Dès lors, la question qui ne me quitterait plus était apparue dans mon esprit : comment pouvait-il être amoureux de moi alors que sa femme incarnait à merveille la perfection? De plus, elle correspondait parfaitement à sa classe sociale, celle des dîners, des vacances hors de prix et de l'école privée pour les enfants. Je ne comprenais rien. Je l'avais imaginée fripée, laide, obèse ou totalement défigurée par la chirugie esthétique...Je n'imaginais pas une telle femme, qui avait l'air joyeuse, belle et assurée. Mais que faisait-il avec moi?

Evidemment, la réponse pouvait paraître évidente compte tenu de notre relation cachée. Pourtant, cela n'était pas suffisant. Nous passions beaucoup de temps à discuter, à boire des cafés ou à visiter des musées pour que notre relation soit réduite au simple champ physique. A moins qu'elle ne se refuse à lui, il n'avait rien à chercher ailleurs. Quand je les avais croisés, elle lui avait lancé un regard réfutant mon hypothèse. Pas de doute, cette femme aimait son mari et moi, je ne comprenais plus rien.

Là, à la bibliothèque, j'ai regardé de loin ses choix de lecture.

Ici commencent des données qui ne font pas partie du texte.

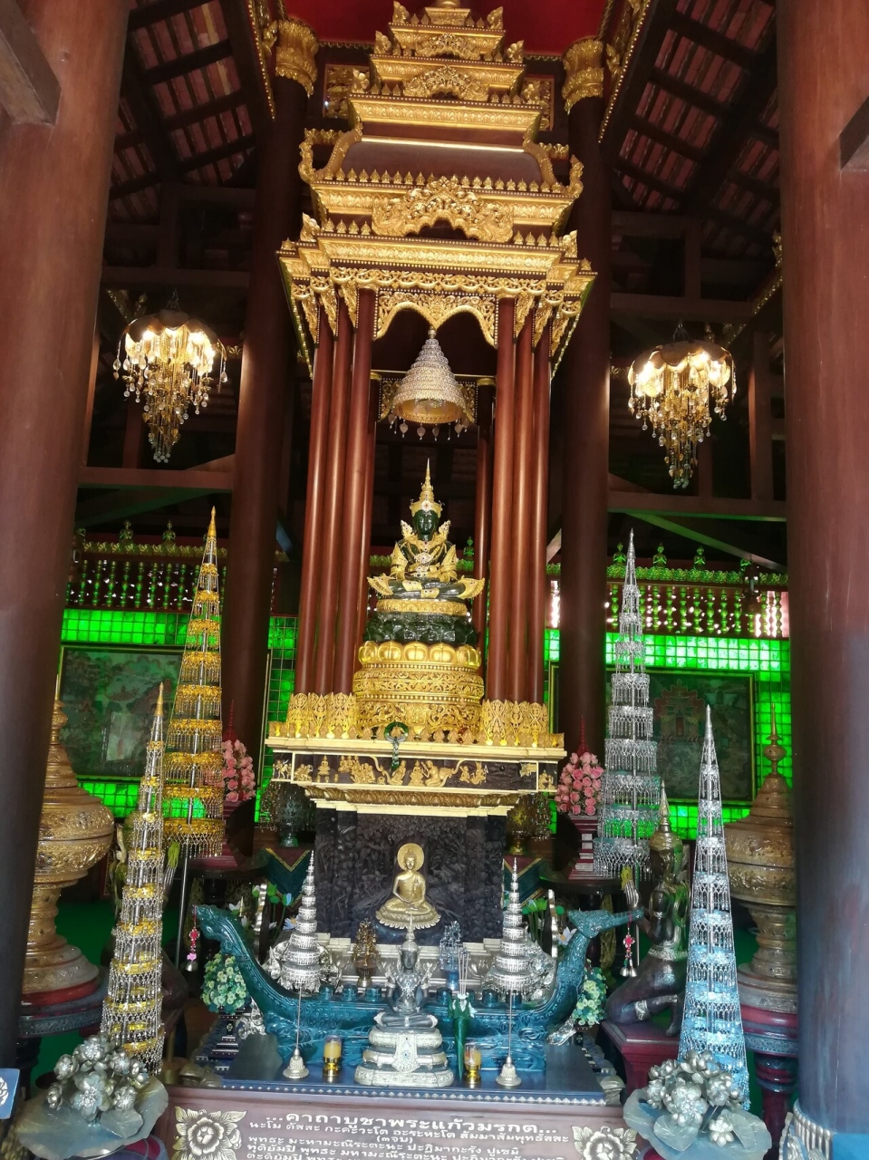 バンコクにも同じ名前の寺院がありますが、バンコクのワットプラケオに安置されているエメラルド仏は元々はこのチェンライの寺院に安置されていた物だそうです。なのでこちらが元祖エメラルド寺院です。寺院内は眩いエメラルドグリーンの輝きが放たれています。バンコクに比べて人も少なくのんびり見ることが出来ると思います。入場料は無料です。

J'aurai pu faire les mêmes. Elle était cultivée, aimait la littérature. Toujours suivie de mon regard sans s'en douter, elle s'est attardée sur l'exposition de photographies que j'étais venu voir.

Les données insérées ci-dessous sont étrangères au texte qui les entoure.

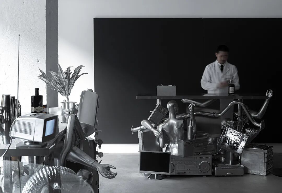 最熟悉的东西便是最未知的,我们将收集来的物件(情绪碎片)整理罗列,任其自由生长。并将生活物品的碎片信息全部处理成统一材质——金属质感,营造出熟悉的陌生感。监控影像是来自空间内的窥视、和来自自己的审视。金属与黑色的强烈碰撞配合着空间内的监控影响,塑造了来自未知的不安情绪。我们希望这个空间成为一个有着强烈理念的装置,使人进入场域便感受到设计与品牌所揭示的内核。

Je tremblais. Ce n'était pas de la jalousie, j'étais tout simplement subjuguée. J'en venais même à me demander comment elle était tombée amoureuse de Florent. Certes, il était mignon, intelligent, sensible mais elle pouvait avoir tous les hommes de la Terre à ses pieds. Je tenais peut-être là mon explication. Florent me fréquentait par vengeance. Pourquoi alors prenait-il la peine de m'écrire, de m'appeler tous les jours? De balayer mes doutes par des "je t'aime" ou prévoyait toujours des excursions pour nous fabriquer des souvenirs inoubliables ensemble? La dernière fois, il m'a même avoué qu'il avait pensé refaire sa vie avec moi, comme s'il lui fallait recommencer alors qu'il avait déjà atteint la perfection : le job de ses rêves, un statut social qui suscitait l'envie, une famille parfaite et une femme sublime et intelligente. Non, vraiment, je ne voyais pas ce qu'il voulait refaire avec moi.

Je décidais donc de quitter la bibliothèque, me sentant moche, nulle et sans intérêt. Je rentrais chez moi et coupais mon téléphone, je ne voulais surtout pas d'un message de Florent. J'aurai l'impression qu'il se moque de moi. Pire, si je n'avais pas de ses nouvelles, je songerai sans cesse à tous les moments sublimes qu'il doit vivre avec elle. Non, je n'étais pas capable de supporter ça et il me fallait arrêter le flot de mes pensées. J'allumais la télé et me fixait devant un téléfilm policier américain, bien ficelé et peu écrit. Parfait pour oublier son existence quelques temps.

Avant de me coucher, je ne résistais pas à rallumer mon téléphone. Un message de Florent, Je pense à toi. Et moi je pense à elle. Celle qui ne devrait même pas troubler mon existence, mon histoire d'amour. Je pensais à elle et l'admirais. Elle était grande, elle était belle. Elle était la mère de ses enfants. Elle avait la vie que je voulais.